PET620 Hyper-V Issue

The following Windows event occurs daily on several of our PowerEdge T620 servers.  All servers are running Windows Server 2012.

EVENT: The speed of Hyper-V logical processer X is being limited by system firmware.  The processor has been in reduced performance state for 0 seconds since the last report. (Note: Where "X" is the processor number which ranges from 0 to 20 something.  In other words, I get this error for all processor core each time this happens.)
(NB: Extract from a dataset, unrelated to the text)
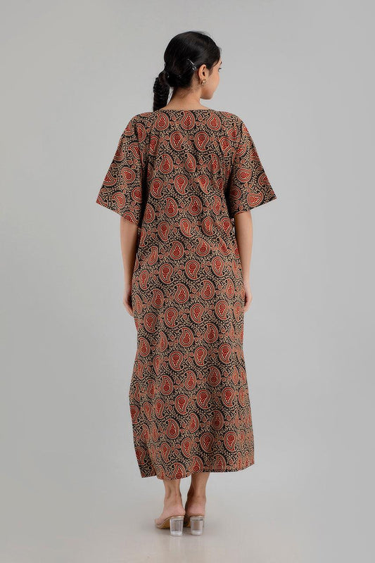 Black Floral Print Pure Cotton Kaftan Maxi Ethnic Dress - SHKUP1250

SOURCE: Microsoft-Windows-Kernel-Processor-Power

Event ID: 37

After researching this issue online, I found a lot of people have had this same issue on various make/model/brand servers but very few have resolved the issue.  Those who have, have done so by upgrading their server's BIOS, etc.  I've followed suit by upgrading our server's firmware and driver versions from those offered by Dell's SUU version 7.3.0, A01 (x64).

990 Posts

September 18th, 2013 07:00

Thanks for your post.  Our bios updates do include processor firmware updates when available and we always recommend that enterprise equipment be updated to their most current levels.  

Regards,

990 Posts

September 18th, 2013 08:00

I apologize for misreading your question as a statement.   If you can provide a DSET report we can review, that would be beneficial.

Regards,

 

8 Posts

September 18th, 2013 08:00

I've already updated to the latest BIOS update (version 1.5.3) and the issue still exists.  I'm not clear what your post is directing me to do, if anything.

8 Posts

September 18th, 2013 09:00

A DSET report from one of the servers has been provided via the DropBox link you e-mailed me.  I await your response regarding your findings.

990 Posts

September 18th, 2013 13:00

Thanks for the DSET report. Everything is current on the server and no hardware errors are shown.

 I would say these are more warning than errors. In fact the amount of time it is affected is 0 seconds so this is more cosmetic than anything. I believe this is caused by c-states and/or c1e being enabled in the server BIOS. Both of these are power saving features.